Judge Finds Evidence Of Indifference In Montgomery County Jail Death
A federal judge has ruled there is evidence that a doctor, a nurse and the Montgomery County jailer all demonstrated “deliberate indifference” to the medical needs of an inmate who died in the jail in March 2013.
The inmate, Ronald Gaunce, was featured in a Kentucky Center for Investigative Reporting series last year on jail health care woes. (Read "Dying For Dollars: For-Profit Health Care in Kentucky’s Jails")
Late last week, U.S. District Judge Karen Caldwell refused to dismiss some claims in a lawsuit filed by Gaunce’s mother, Diana Rice, against Dr. Ronald Waldridge, registered nurse Patrina Tipton and jailer Eric Jones. The ruling made way for a trial now set for June 20.
KyCIR reported in December that Gaunce was lying in his own feces at the jail, wracked with pain from severe drug withdrawal, before dying of a seizure on March 25, 2013.
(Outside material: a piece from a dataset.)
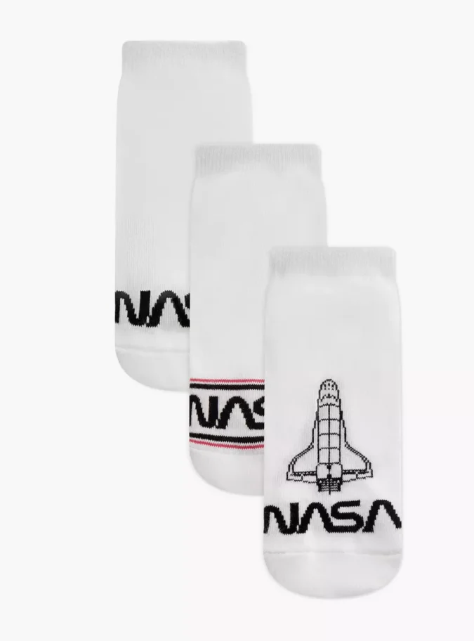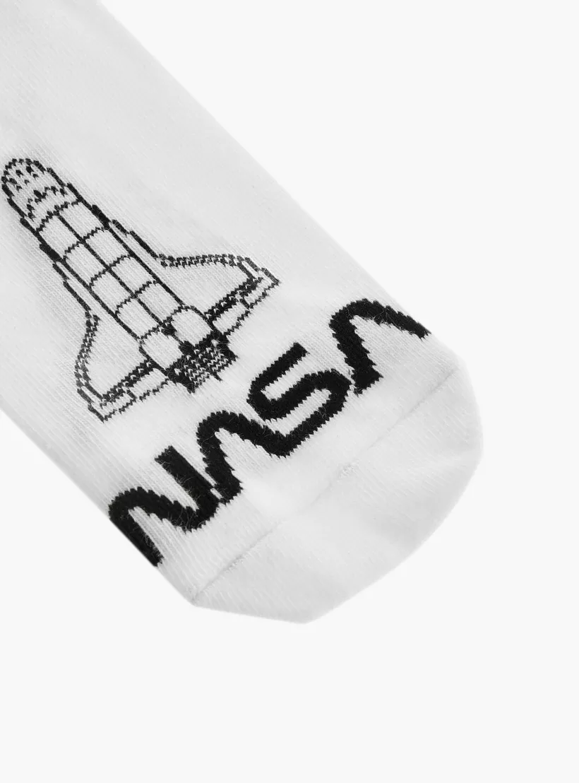 Design: Each pair features the iconic NASA logo with star patterns, reflecting the vastness of space. The colors include classic black, white, and gray, making them versatile for various outfits.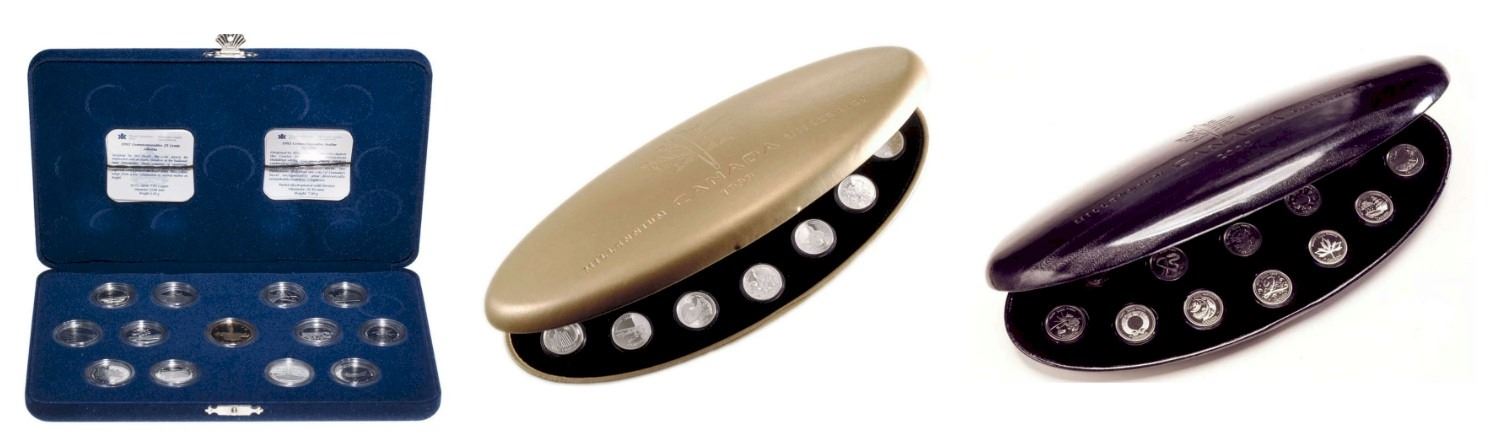 1992 25¢ 125th Anniversary of Confederation Silver Proof Set, 1999 Millenium Commemorative Set, and

Waldridge, the jail’s contract physician, was 80 miles away, in Shelbyville, and he neither spoke to nor examined Gaunce before he died, even though there is evidence the doctor knew that Gaunce “had a serious medical need,” Caldwell noted in her 37-page opinion.
Waldridge not only had a busy private practice, he also was medical director at 21 Kentucky jails for Southern Health Partners, a private, for-profit healthcare company based in Chattanooga, Tennessee.
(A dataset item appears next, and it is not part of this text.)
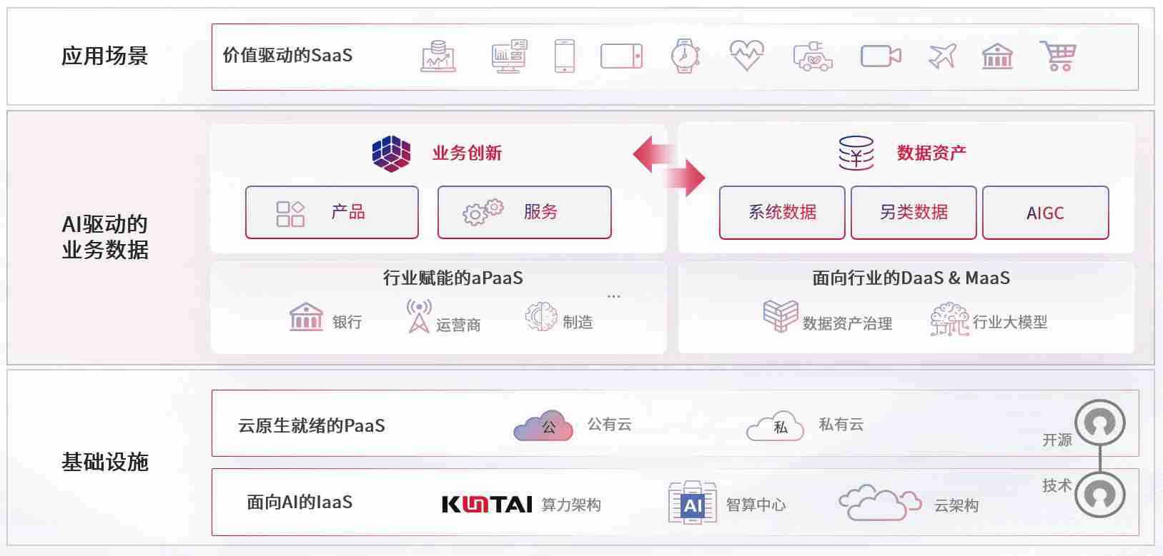 数字时代,,,围绕企业数字化转型的关键要素,,z6com尊龙数码开创性的提出数云融合战略和技术体系框架,,着力在云原生、、数字原生、、、AI原生和信创产业上架构产品和服务能力,,为处在不同数字化转型阶段的快消零售、、、、汽车、、、、金融、、、、医疗、、、、政企、、、教育、、、运营商等行业客户提供泛在的敏捷IT能力和融合的数据驱动能力,,,,构建跨界融合创新的数字业务场景和新业务模式,,,助力企业级客户建立面向未来的核心能力和竞争优势,,全面推动社会的数字化、、、智能化转型升级。。。。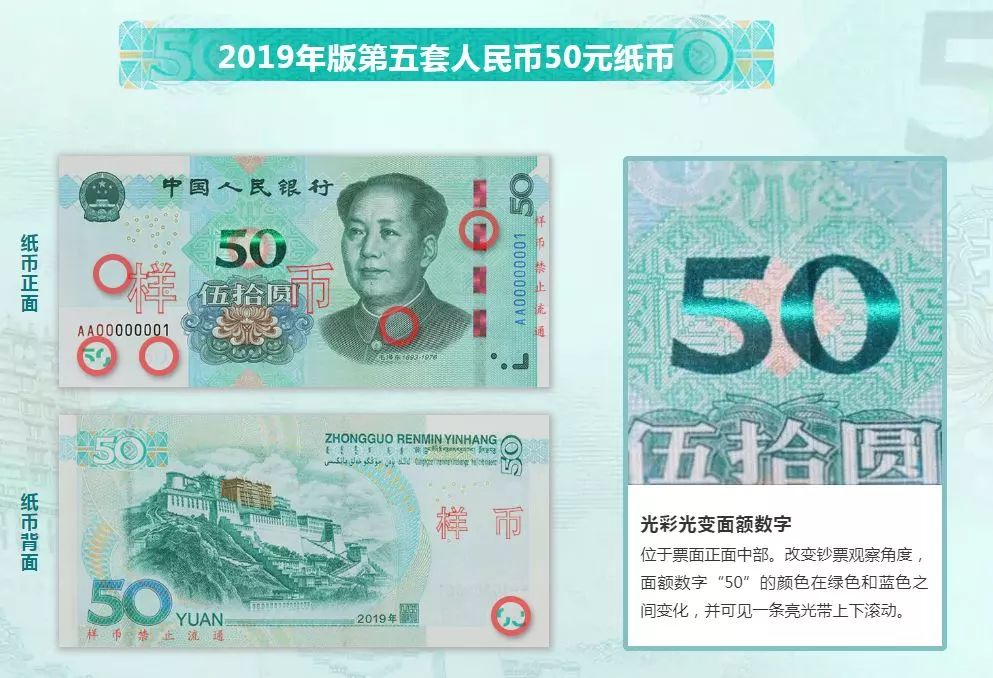 2019年版第五套人民币50元、20元、10元纸币票面中部印有光彩光变面额数字,改变钞票观察角度,面额数字颜色出现变化,并可见一条亮光带上下滚动。以新版50元为例,随着观察角度的改变,面额数字“50”的颜色会在绿、蓝之间交替变化。

Through an employee, Waldridge declined to comment Monday. In all, he oversaw the medical care of about 3,500 inmates -- nearly one-fifth of the state’s entire jail population.
Although the doctor’s contract with SHP called for him to spend one to three hours each week at the Montgomery County jail, east of Lexington, he actually went there only every two to three months, and then only briefly, according to testimony in the case.
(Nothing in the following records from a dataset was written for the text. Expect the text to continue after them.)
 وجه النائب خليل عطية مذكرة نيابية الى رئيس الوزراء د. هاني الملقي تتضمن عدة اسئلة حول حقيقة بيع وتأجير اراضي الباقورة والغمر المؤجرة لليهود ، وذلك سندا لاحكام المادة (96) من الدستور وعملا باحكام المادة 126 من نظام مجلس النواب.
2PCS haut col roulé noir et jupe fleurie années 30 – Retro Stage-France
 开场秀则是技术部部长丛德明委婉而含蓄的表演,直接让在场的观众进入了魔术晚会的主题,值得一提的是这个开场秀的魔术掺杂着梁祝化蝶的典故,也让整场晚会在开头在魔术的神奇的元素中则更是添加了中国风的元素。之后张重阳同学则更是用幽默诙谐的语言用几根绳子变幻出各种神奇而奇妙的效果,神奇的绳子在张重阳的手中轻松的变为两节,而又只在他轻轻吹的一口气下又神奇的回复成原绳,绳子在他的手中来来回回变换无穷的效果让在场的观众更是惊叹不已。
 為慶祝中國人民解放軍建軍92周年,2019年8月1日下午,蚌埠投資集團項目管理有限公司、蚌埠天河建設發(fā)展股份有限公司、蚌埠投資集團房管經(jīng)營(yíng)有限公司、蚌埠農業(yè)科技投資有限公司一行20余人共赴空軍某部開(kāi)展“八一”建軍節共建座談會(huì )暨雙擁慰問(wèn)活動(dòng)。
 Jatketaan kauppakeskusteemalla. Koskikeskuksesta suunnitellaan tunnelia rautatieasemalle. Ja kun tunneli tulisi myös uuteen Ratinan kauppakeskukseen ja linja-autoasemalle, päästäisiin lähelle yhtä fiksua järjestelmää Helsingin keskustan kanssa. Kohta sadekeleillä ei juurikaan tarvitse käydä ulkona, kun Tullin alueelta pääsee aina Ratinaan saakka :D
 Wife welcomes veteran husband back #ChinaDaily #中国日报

In his stead, Waldridge hired advance-practice registered nurses, or APRNs, who made periodic visits to the Montgomery County jail and the 20 others for which Waldridge had assumed responsibility.
Lower-level nurses employed by Southern Health Partners were responsible for providing regular medical care at the jails.
This for-profit jail health care model is entrenched in Kentucky and beyond. Caldwell found the way it was implemented in Montgomery County to be arguably deficient in several ways.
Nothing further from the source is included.